··· Source material

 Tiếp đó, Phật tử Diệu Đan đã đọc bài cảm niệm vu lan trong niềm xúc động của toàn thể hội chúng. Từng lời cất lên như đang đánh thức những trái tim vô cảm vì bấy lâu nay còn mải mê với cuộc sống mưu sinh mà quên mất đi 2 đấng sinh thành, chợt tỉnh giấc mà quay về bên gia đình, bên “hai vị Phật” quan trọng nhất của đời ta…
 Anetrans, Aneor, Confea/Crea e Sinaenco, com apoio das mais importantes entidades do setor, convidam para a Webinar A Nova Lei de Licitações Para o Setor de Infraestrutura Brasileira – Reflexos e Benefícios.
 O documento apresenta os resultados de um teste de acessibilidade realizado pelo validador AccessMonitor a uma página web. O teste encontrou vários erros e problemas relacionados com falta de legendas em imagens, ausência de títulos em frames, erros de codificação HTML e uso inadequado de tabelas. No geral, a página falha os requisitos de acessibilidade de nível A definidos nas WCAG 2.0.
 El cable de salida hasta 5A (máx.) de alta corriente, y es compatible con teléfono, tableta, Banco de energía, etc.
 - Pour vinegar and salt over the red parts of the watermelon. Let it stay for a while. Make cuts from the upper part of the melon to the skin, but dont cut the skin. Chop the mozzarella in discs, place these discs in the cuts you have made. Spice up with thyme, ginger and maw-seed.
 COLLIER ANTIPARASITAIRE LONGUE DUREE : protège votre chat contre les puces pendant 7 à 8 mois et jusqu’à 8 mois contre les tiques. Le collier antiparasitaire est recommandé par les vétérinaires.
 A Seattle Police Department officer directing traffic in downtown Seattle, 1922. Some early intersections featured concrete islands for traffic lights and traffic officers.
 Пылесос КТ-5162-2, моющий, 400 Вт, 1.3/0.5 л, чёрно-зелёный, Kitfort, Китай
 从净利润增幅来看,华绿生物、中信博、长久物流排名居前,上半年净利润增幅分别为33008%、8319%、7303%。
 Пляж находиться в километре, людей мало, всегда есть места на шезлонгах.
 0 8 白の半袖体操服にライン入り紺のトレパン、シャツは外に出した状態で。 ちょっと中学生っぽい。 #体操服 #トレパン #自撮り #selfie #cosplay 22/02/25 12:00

······
··· Source material

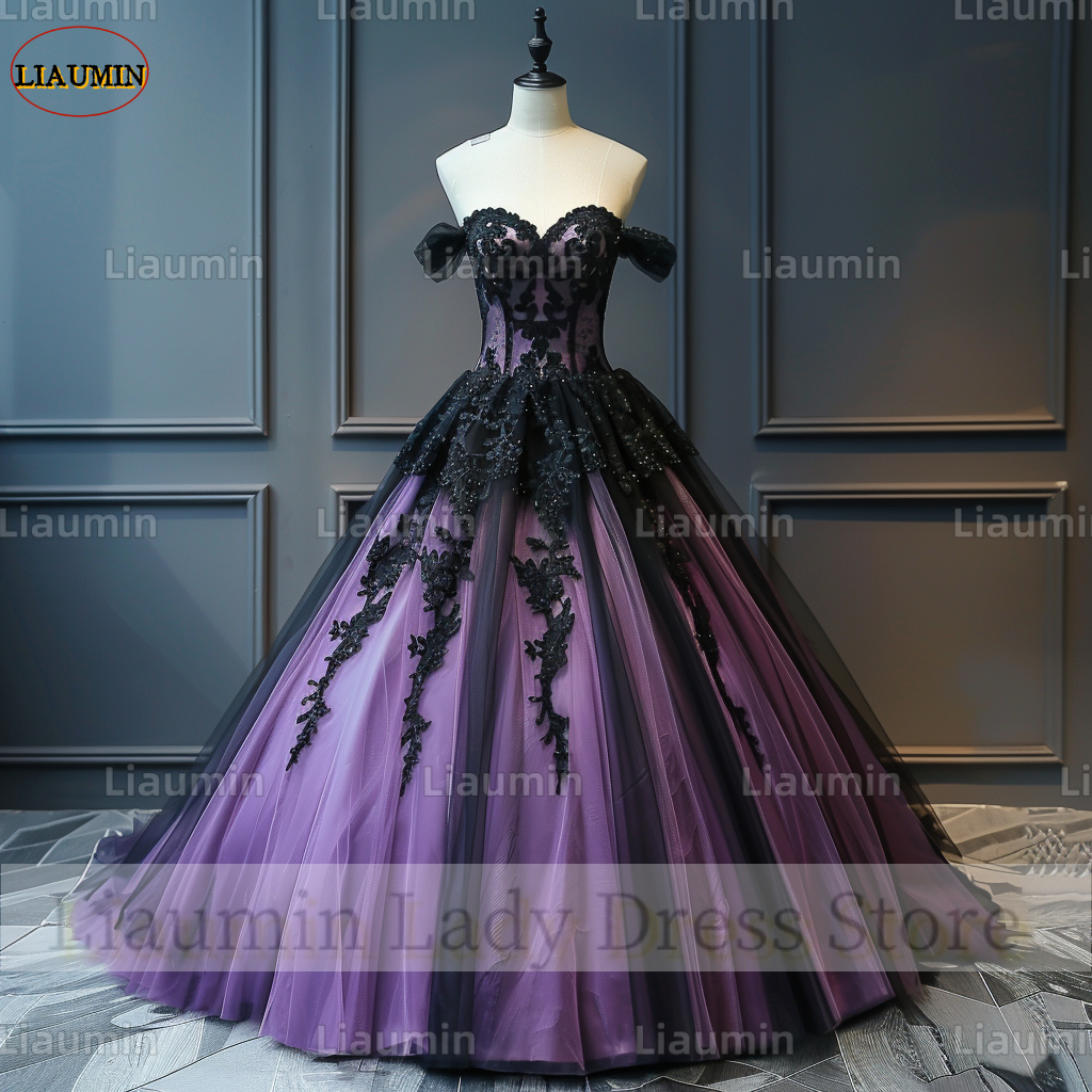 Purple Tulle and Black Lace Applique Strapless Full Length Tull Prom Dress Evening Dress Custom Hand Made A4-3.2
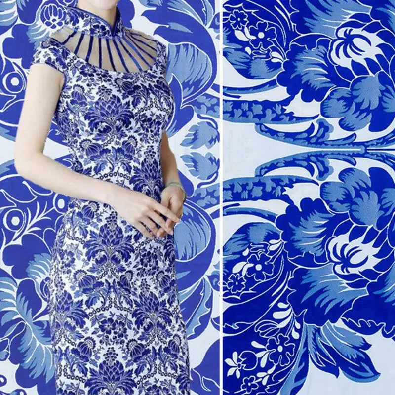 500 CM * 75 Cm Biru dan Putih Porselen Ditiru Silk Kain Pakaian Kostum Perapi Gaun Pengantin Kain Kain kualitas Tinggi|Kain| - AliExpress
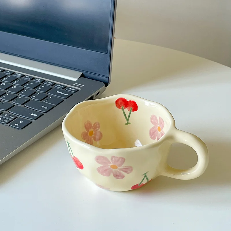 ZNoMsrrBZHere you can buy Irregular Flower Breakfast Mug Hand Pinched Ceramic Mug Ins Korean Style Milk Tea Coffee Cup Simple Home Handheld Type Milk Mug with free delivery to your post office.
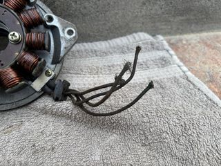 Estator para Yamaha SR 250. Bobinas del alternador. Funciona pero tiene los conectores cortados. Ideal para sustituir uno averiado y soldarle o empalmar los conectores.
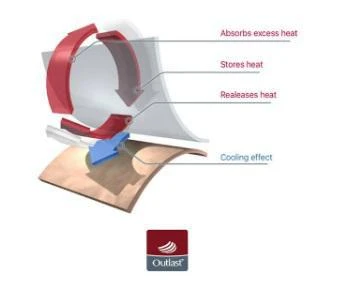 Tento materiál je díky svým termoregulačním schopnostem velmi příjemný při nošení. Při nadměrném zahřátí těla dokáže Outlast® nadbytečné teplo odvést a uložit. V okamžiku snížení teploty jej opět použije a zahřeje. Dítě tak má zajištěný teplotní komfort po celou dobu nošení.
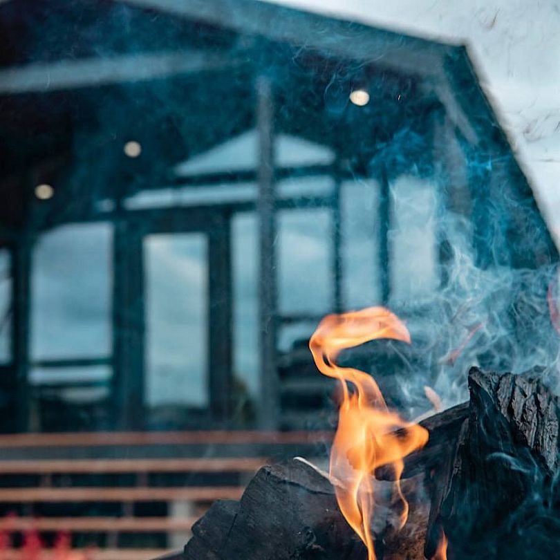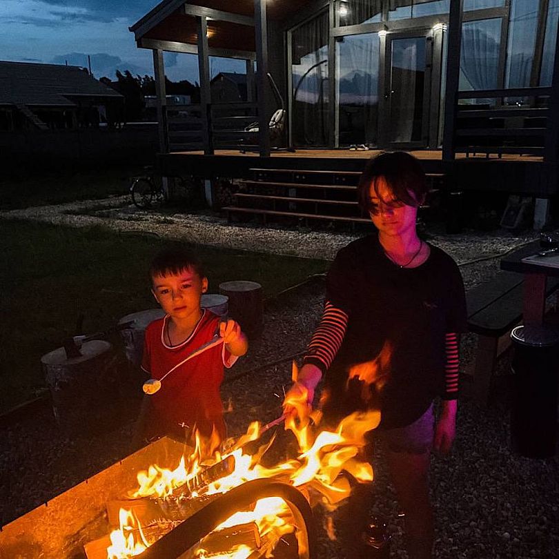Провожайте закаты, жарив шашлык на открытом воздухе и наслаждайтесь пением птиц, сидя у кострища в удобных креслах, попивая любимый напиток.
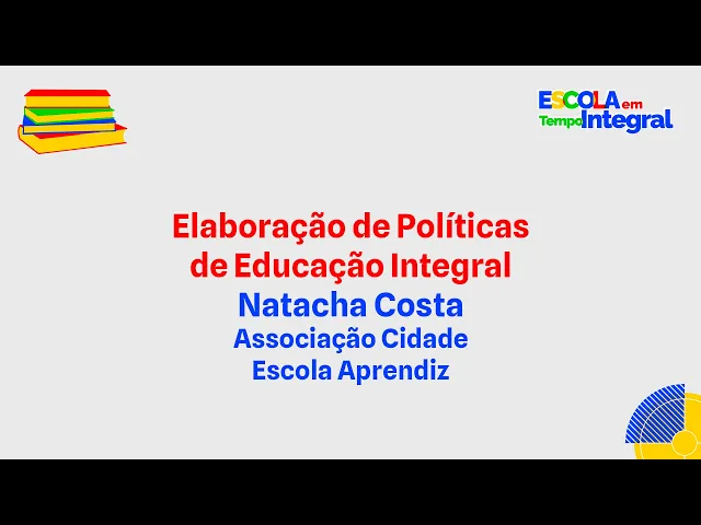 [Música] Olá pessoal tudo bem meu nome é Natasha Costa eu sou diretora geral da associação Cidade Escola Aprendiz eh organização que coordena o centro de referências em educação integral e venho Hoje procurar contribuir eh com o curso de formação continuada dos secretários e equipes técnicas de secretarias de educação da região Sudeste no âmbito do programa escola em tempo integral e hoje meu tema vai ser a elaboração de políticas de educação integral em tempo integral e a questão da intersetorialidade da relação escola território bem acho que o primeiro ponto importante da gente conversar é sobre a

······

Take the lines above starting at the one containing "500 CM * 75" and ending at the one containing "ZNoMsrrBZHere you can", and print them again exactly, without pictures.

 500 CM * 75 Cm Biru dan Putih Porselen Ditiru Silk Kain Pakaian Kostum Perapi Gaun Pengantin Kain Kain kualitas Tinggi|Kain| - AliExpress
 ZNoMsrrBZHere you can buy Irregular Flower Breakfast Mug Hand Pinched Ceramic Mug Ins Korean Style Milk Tea Coffee Cup Simple Home Handheld Type Milk Mug with free delivery to your post office.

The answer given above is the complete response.